- City: Rostov-on-Don
- League: VHL
- Founded: 2004
- Home arena: Rostov-on-Don Palace of Sports
- Colours: Red, White
- Head coach: Grigorijs Panteļejevs
- Affiliate: HC Sochi (KHL)
- Website: HC Rostov

Championships
- VHL-B Champions: 2015 2017 2019

= HC Rostov =

Professional ice hockey team, Rostov-on-Don, Russia

Hockey Club Rostov (Хоккейный клуб Ростов), commonly referred to as HC Rostov, are a professional ice hockey team based in Rostov-on-Don, Russia. HC Rostov plays in the OLIMPBET VHL and play at the Rostov-on-Don Palace of Sports.

==History==
In 2005, a local amateur under the name 'Condors' was established and was immediately successful, winning the Rostov Region Championship in both 2005 and 2006. In 2010 the team joined the Krasnodar League, where they played for two years. In 2013 the club, now operated under the name HC Rostov, turned professional and joined the Russian Hockey League.

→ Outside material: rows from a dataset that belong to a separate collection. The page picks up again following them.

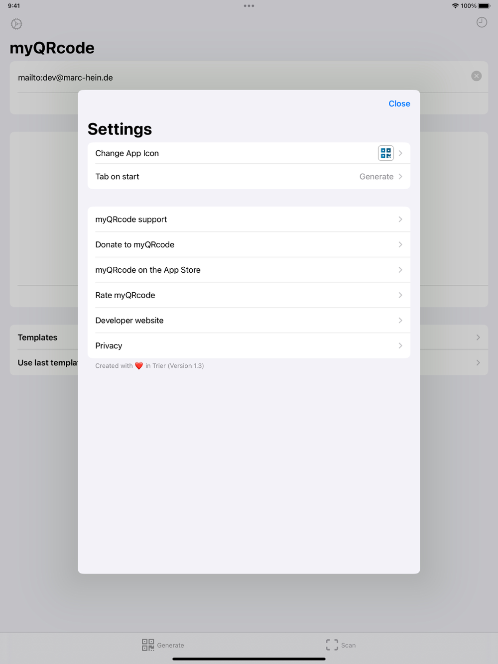 If you like myQRcode, I would be very happy about a tip! You can do this in the app under Settings > "Donate to myQRcode“.
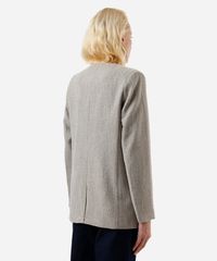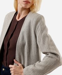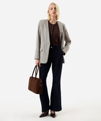 Blazer de alfaiataria feminino confeccionado em tecido com viscose e padronagem espinha de peixe. A peça tem a modelagem e construção reta e o caimento é confortavelmente solto ao corpo. O modelo tem decote V, fechamento frontal por botão, ombros estruturados e mangas longas. Possui forro em tecido plano, dois bolsos com lapela e fenda posterior.
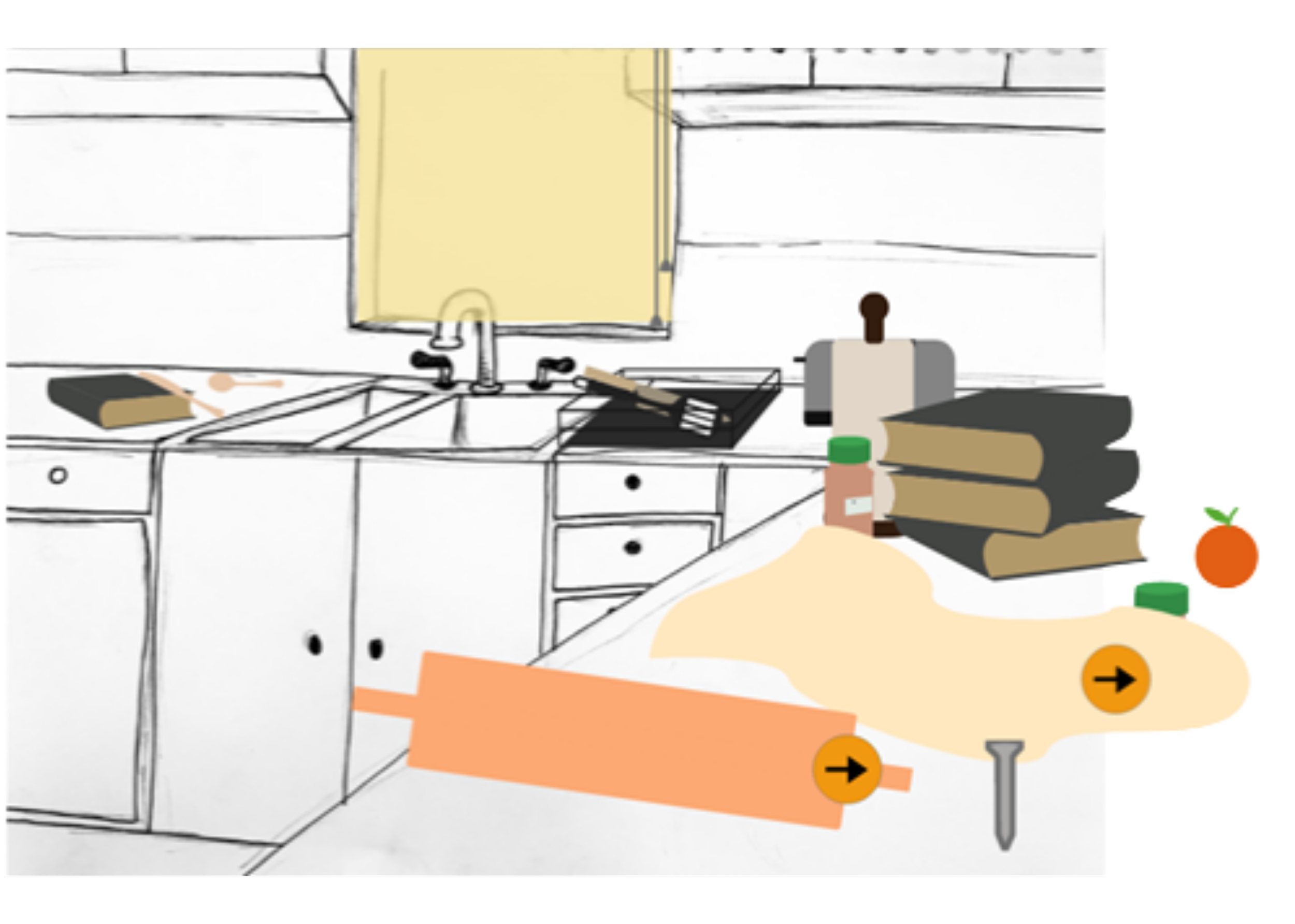 First and foremost, we didn’t have enough objects to play with. As you can see in Figure 1, there were only a few objects the screw could interact with (namely the rolling pin, seasoning bottles, and the orange). As such, the players had fewer potential solutions and were not as intrigued.
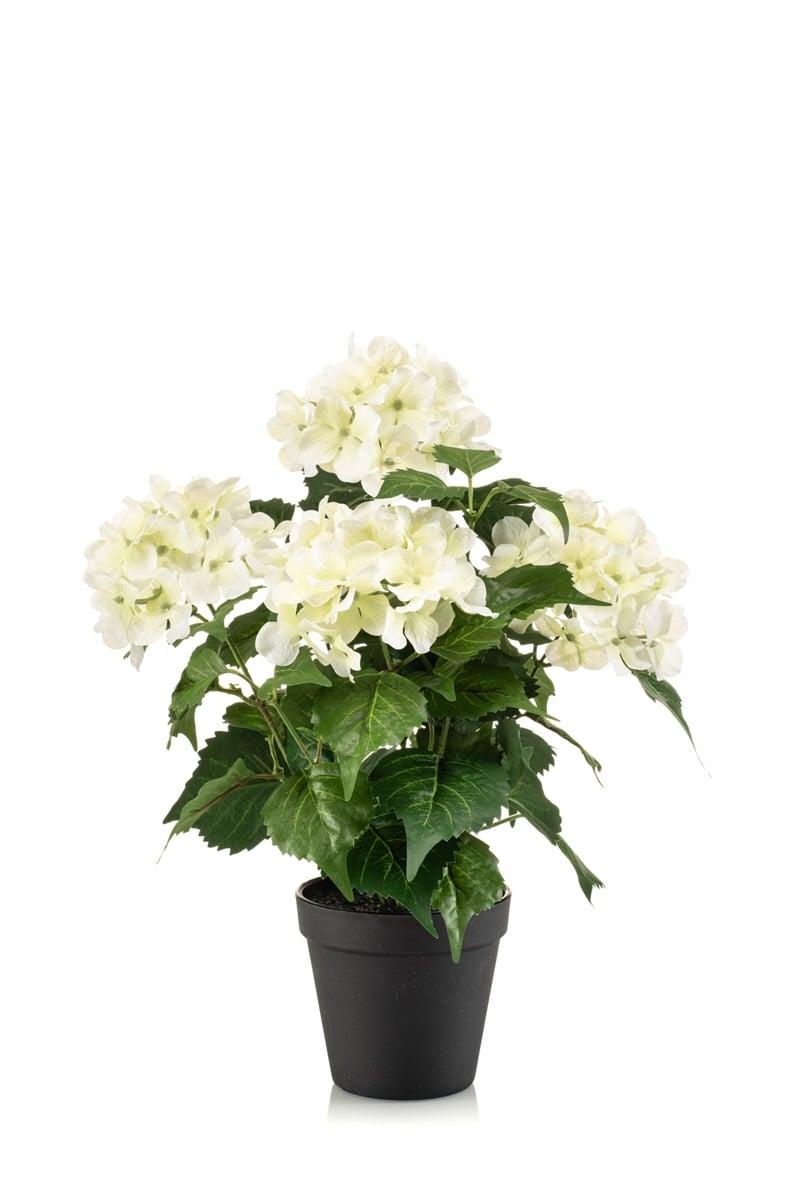 Umělá hortenzie DORJA v dekorativním květináči, bílozelená, 40cm

During their time in the Russian Hockey League (which was renamed in 2015 to the Supreme Hockey League Championship), HC Rostov were a dominant force, finishing 1st in the regular season rankings 4 years in a row, and winning the VHL-B Championship in 2015, 2017 and 2019. During this period, the only other team to win the Championship was HC Tambov.

The VHL expanded during the 2019 off-season, with 6 new teams joining the league. On 31 May 2019 it was announced that Humo Tashkent, Dynamo Tver, Torpedo-Gorky Nizhny Novgorod and Kazakhstan's Nomad Nur-Sultan would be joining the league. Two months later on 22 July 2019, it was announced that HC Rostov would also be joining the league, along with China's ORG Beijing.

HC Rostov's logo features a Condor in reference to the origins of the club.